I didn’t sign the letter because I’m not a contributor, past or present.  I do see the logic of publishing something heavily endorsed by people who actually write or have written for the paper, and how that might lend some political weight to the letter (although I also couldn’t help noticing that a number of people were signing on despite not actually having been contributors, using some twisted bits of logic that I won’t expand upon so as to not mock them publicly). As for the part where non-contributors could sign, it felt a bit, ah, servant-ish, a bit too Upstairs/Downstairs: “Well,” its presence seemed to say, “Now that the lords and ladies have repasted, you too may come in and feast upon their crumbs, but do make sure to be quiet as you chew the meat off the bones, and please only use your aprons to convey the viands to the dark ends of the kitchen—and on no account are you to touch the good china.” 

I don’t mean to signal my pride as much as an eyeroll and what I could not but help sense was an over-eagerness on the part of many to not simply call for an appraisal of journalistic methods but to be seen to be doing so and to be seen as part of a community of people connected to the Times.  

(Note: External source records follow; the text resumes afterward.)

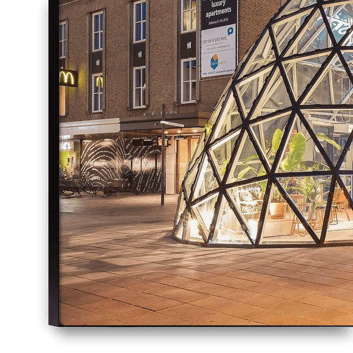 Bestelle dieses moderne Wandbild Iconic Blob Gebäude Eindhoven Stadtzentrum in der Dämmerung 1 von Tony Vingerhoets als Reproduktion auf Leinwand, Alu-Dibond, als Poster, Fototapete oder Acrylglasbild.
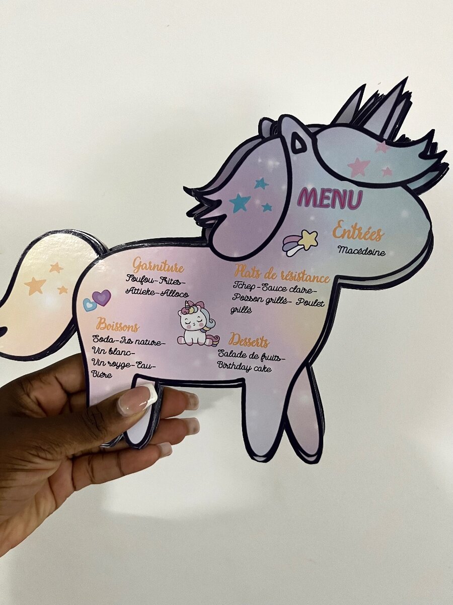 Découvrez nos menus en formes originales, parfaits pour événements spéciaux. Chaque menu est une œuvre d'art, façonné pour captiver et impressionner vos invités. Idéal pour mariages, baptêmes et anniversaires, ces créations ajoutent une touche élégante et personnalisée à votre table. Choisissez une présentation qui parle à votre thème et enchante vos convives.
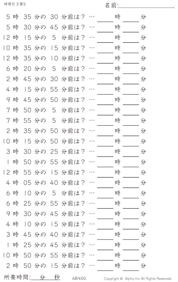 時間引き算5:5分単位 [問題]068/400
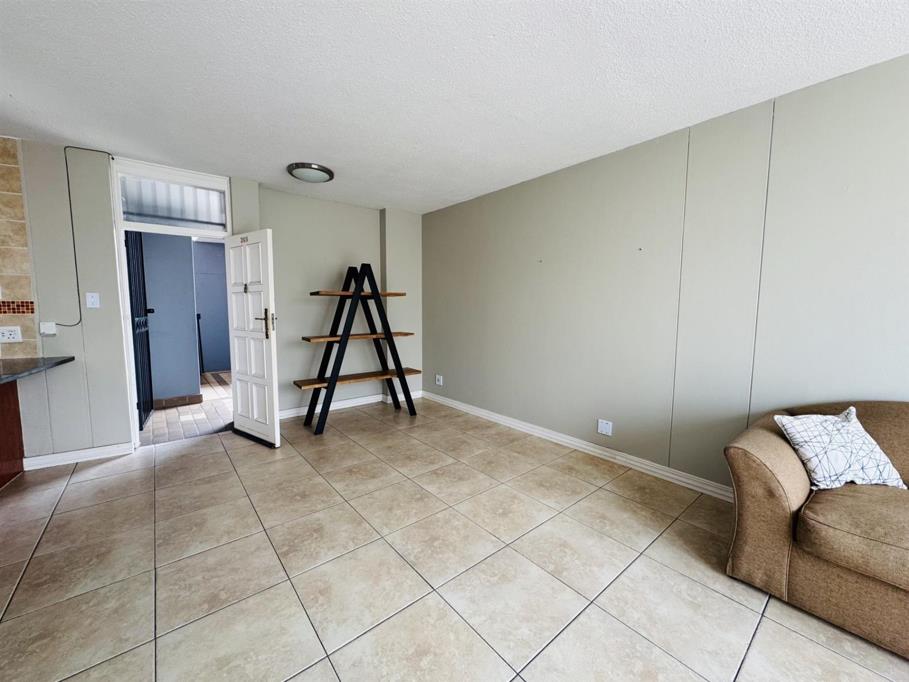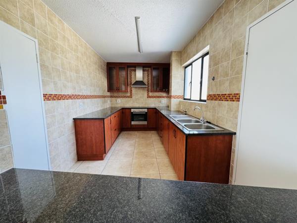 The open-plan kitchen features granite countertops, ample cupboards, an oven, and extractor fan, plus a small laundry nook to discreetly house your washing machine. Aluminium windows, sliding doors, tiled floors, and built-in cupboards create a sleek, modern interior.

And in that sense, the New York Times has already won.  

Many lifetimes ago, while in graduate school, I took a class with one of the most brilliant theorists of media. Email had only just come upon the scene and even then only on campuses, and social media wasn’t even a thought in any tech wizard’s head. The discussions in the class one night were about anti-war and anti-capitalist media events by activists, and the professor brought up the example of one such that he had witnessed (and here I’m quoting from memory): “It was a die-in to protest the war, and there were these masses of bodies lying on the ground and it was a dramatic and moving spectacle in front of a courthouse.  But somehow the press got there late, when the die-in had already ended and people were up and milling about.  The media wanted pictures, though, and asked the activists to, in essence, perform the die-in again. And they did, all of them re-enacting what they had done only a little while ago. And in that moment, the entire action became a failure or, at least, something else altogether.  Because the point of it had been to insert a performance of mass death, suddenly, into the living public sphere. With the re-enactment for the media, it became a media spectacle.”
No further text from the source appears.